Tuesday, February 1, 2011

Neonatology Consult

This was a meeting with the Chief of Medicine of Neonatology and an RN coordinator/social worker.  We discussed the plan after birth and were given handouts about Aliya's condition.  We also got a tour of the NICU.  We'll be able to hold Aliya right after birth for a few minutes and then she will be taken to the UCSD NICU to stabilize her.  Once she is stable, they will send her to Rady's within a few hours.  I will be able to see her right before she leaves.  I asked if I would be able to discharge early and it sounds like I will be able to be there for her surgery.   They sounded hopeful and positive about her survival.  Today is February so we made it to February! In 2 days, I will be 34 weeks along which is a huge milestone for survival.  Now if the babies are born, they are just as likely to survive as if they were born full-term! My next goal to make is 36 weeks, because then there is a good chance Avery will not have to go to the NICU at all and be able to go home with us.  I have another dr appointment later today so will have another update then.
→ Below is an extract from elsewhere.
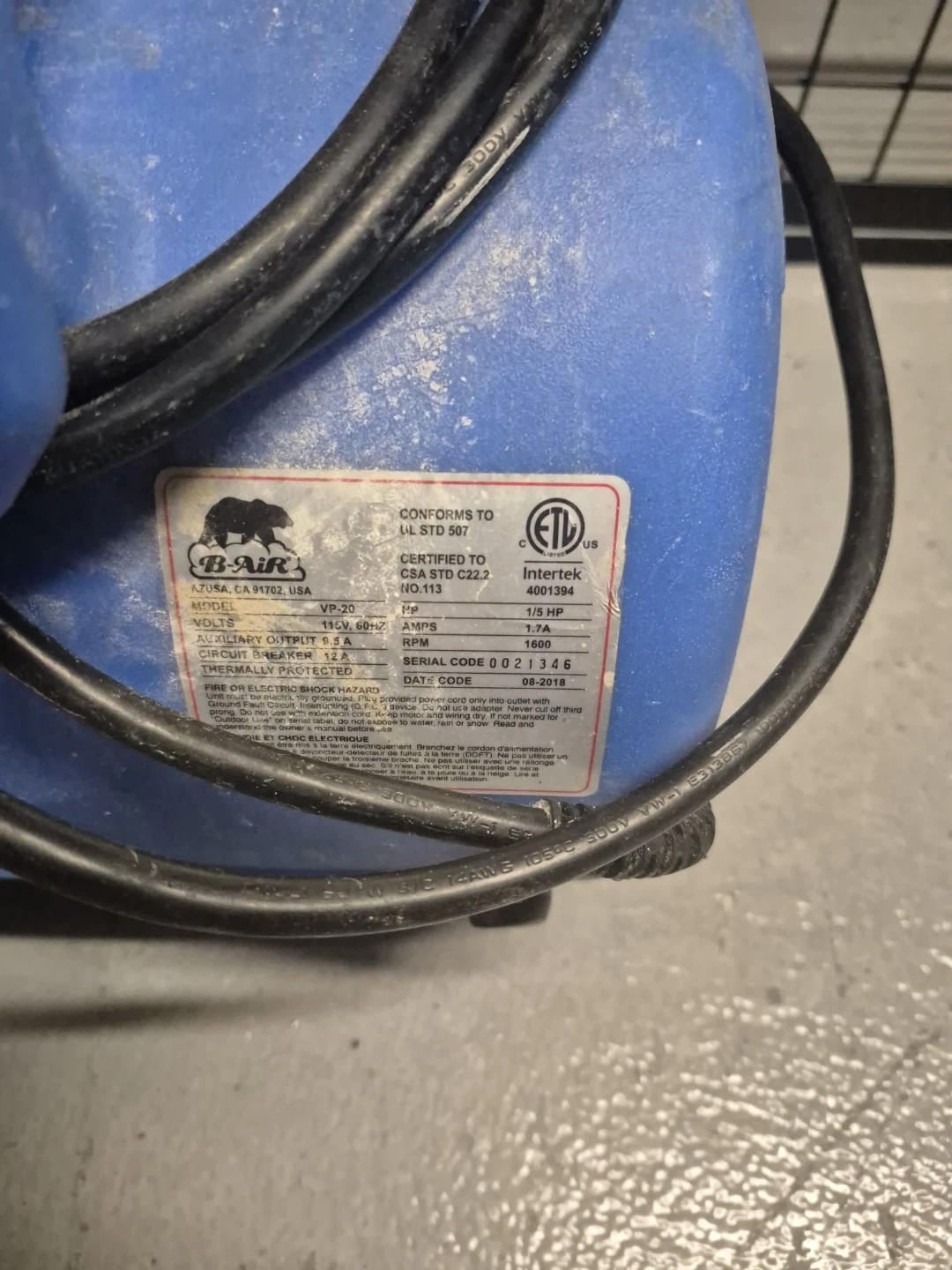 Selling a B-Air VP-20 air mover blower fan. It's blue and in good working condition.

Wednesday, January 26, 2011

Growth scan on Jan. 24th

Basically the girls are 3 lbs 12 oz (Aliya) and 4 lbs (Avery).  Their weight has stagnated and they're below average but not where they have to deliver them or anything.  Their heartbeats are good. 
There was an issue w/ both of their placentas.  I guess the placentas are kind of "tough" where the blood isn't as flowing through as easily and there's high resistance in their umbilical arteries.  Normal is 3, theirs is 3.77, and they have to "do something" if it reaches 4.  Besides that, Aliya's other organs are formed and normal so that's good!
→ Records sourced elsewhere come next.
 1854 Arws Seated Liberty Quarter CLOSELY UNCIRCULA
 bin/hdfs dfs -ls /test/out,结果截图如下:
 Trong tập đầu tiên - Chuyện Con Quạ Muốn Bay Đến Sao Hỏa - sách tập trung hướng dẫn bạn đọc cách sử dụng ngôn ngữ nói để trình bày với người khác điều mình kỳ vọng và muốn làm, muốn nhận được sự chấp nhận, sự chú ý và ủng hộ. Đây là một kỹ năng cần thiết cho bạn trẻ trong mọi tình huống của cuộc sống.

I am 33 weeks along today and not feeling that great.  It's just constantly uncomfortable or painful so I have to continually change positions, or I feel nauseous, or I'm having contractions, etc.  Always something! So I'm kinda cranky =/.  It's just about taking one day at a time right now.  I can't believe I will be full-term in just 3 weeks. Crazy. 

Neonatology consult tomorrow!

Wednesday, January 19, 2011

OB Appt

This week was pretty uneventful except that Saturday I started having some pre-term labor signs like bleeding.  It was continuing and getting worse on Sunday so I went to L&D.  The nurse said to prepare to stay for a few days so I was scared.  Luckily, everything came back really good.  They did a pre-term labor test (fetal fibronectin) that says whether you are likely to go into labor within the next 2 weeks and it was negative! That means I have less than a 1% chance of that happening so it was worth it to make the trip and make the sure the babies are ok and that I have peace of mind for a few weeks.  That means I will make it to at least 34 weeks pregnant which means that one of our babies will most likely be able to come home with us.  We are sooo close... 36 weeks is the average time for twin pregnancies to last. 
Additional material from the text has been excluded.